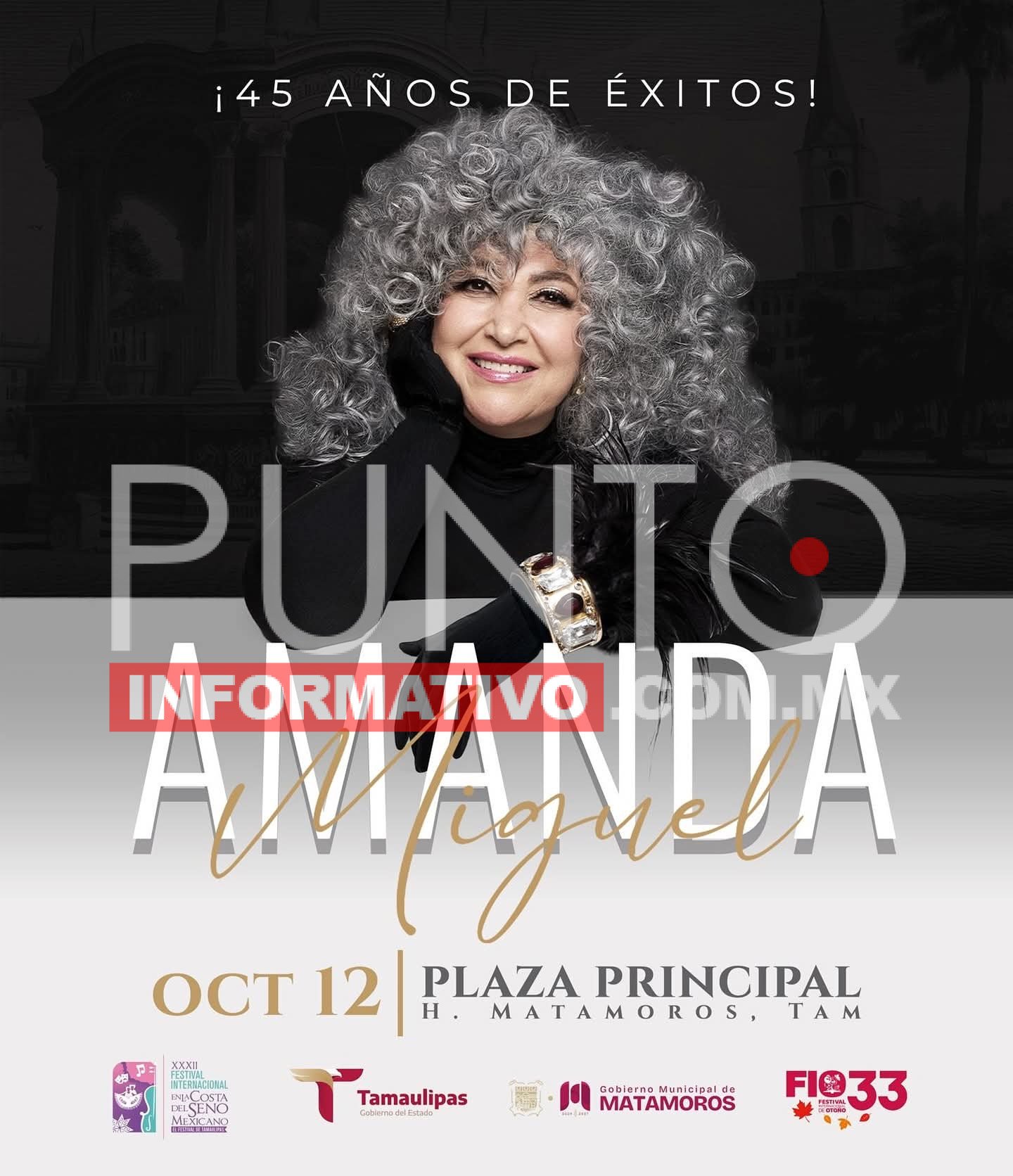 Matamoros, Tamaulipas. – El Gobierno Municipal de Matamoros, que encabeza el alcalde Beto Granados, invita a toda la ciudadanía a disfrutar del gran concierto de Amanda Miguel, reconocida artista internacional que llegará a esta ciudad para engalanar la clausura del Festival Internacional de Otoño.
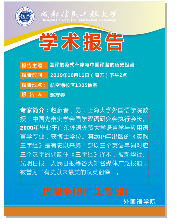 来源:外国语学院 作者:赵月日期:2019-10-11 审核:新闻中心 点击:
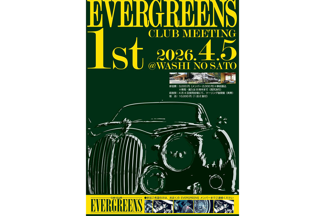 昨年創立50周年を迎えた老舗英国車クラブ「EVERGREENS(エヴァーグリーンズ)」が、2026年4月5日、埼玉県・東秩父村の道の駅「和紙の里ひがしちちぶ」(埼玉県秩父郡東秩父村御堂441)において、同クラブ初となる、イギリス車によるイギリス車好きのイベント「EVERGREENS CLUB MEETING」を開催する。
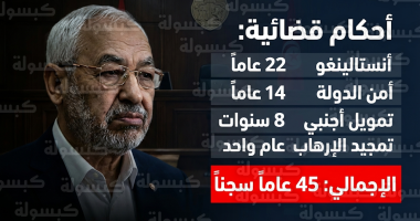 يواجه راشد الغنوشي حزمة من الأحكام الثقيلة التي صدرت بحقه في قضايا تمس الأمن القومي التونسي والنزاهة المالية. وبحسب آخر التحديثات القضائية حتى اليوم 26-2-2026، فإن إجمالي سنوات السجن الصادرة بحقه بلغت 45 عاماً، تتوزع بين قضايا التخابر، التمويل الأجنبي غير المشروع، والتحريض على العنف.
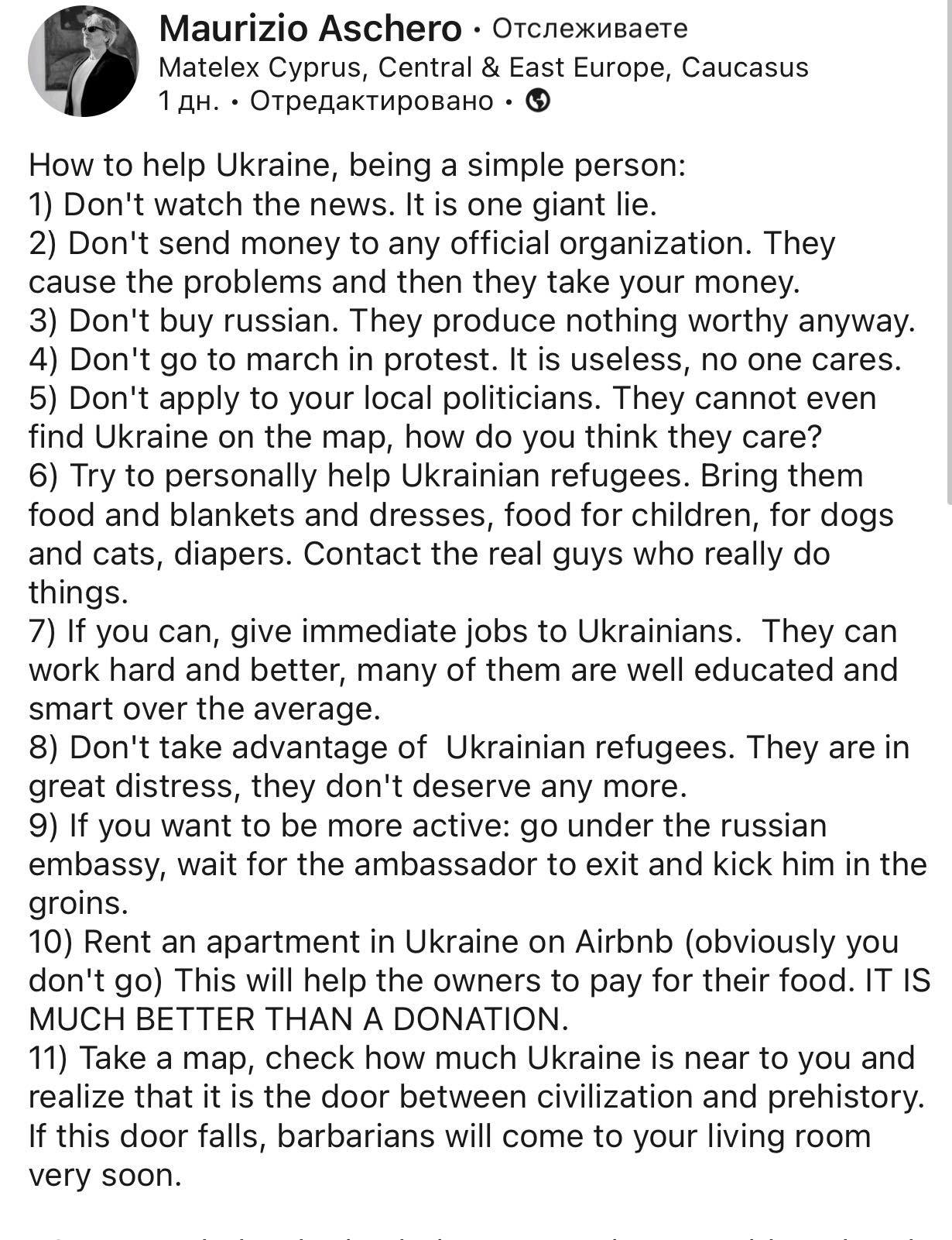 Предприниматель также советует иностранцам, как помочь Украине, будучи простым человеком. Среди советов - не отправлять деньги никаким официальным организациям: "Они создают проблемы, а затем забирают ваши деньги". Не выходить на марши протеста в Европе: "Это бесполезно, никому нет дела". Не обращаться к своим местным политикам: "Они даже не могут найти Украину на карте, какое им дело? Попробуйте лично помочь украинским беженцам. Принесите им еду и одеяла и платья, еду для детей, для собак и кошек, подгузники. Если можете, немедленно дайте работу украинцам. Они могут работать много и лучше, многие из них хорошо образованы и умны. Не используйте украинских беженцев. У них большое горе".

== == ==

== Instructions for the task ==
Print, with pictures removed, exactly the lines of the records above from the top through the line containing "يواجه راشد الغنوشي".

== Exercise solution ==
 Matamoros, Tamaulipas. – El Gobierno Municipal de Matamoros, que encabeza el alcalde Beto Granados, invita a toda la ciudadanía a disfrutar del gran concierto de Amanda Miguel, reconocida artista internacional que llegará a esta ciudad para engalanar la clausura del Festival Internacional de Otoño.
 来源:外国语学院 作者:赵月日期:2019-10-11 审核:新闻中心 点击:
 昨年創立50周年を迎えた老舗英国車クラブ「EVERGREENS(エヴァーグリーンズ)」が、2026年4月5日、埼玉県・東秩父村の道の駅「和紙の里ひがしちちぶ」(埼玉県秩父郡東秩父村御堂441)において、同クラブ初となる、イギリス車によるイギリス車好きのイベント「EVERGREENS CLUB MEETING」を開催する。
 يواجه راشد الغنوشي حزمة من الأحكام الثقيلة التي صدرت بحقه في قضايا تمس الأمن القومي التونسي والنزاهة المالية. وبحسب آخر التحديثات القضائية حتى اليوم 26-2-2026، فإن إجمالي سنوات السجن الصادرة بحقه بلغت 45 عاماً، تتوزع بين قضايا التخابر، التمويل الأجنبي غير المشروع، والتحريض على العنف.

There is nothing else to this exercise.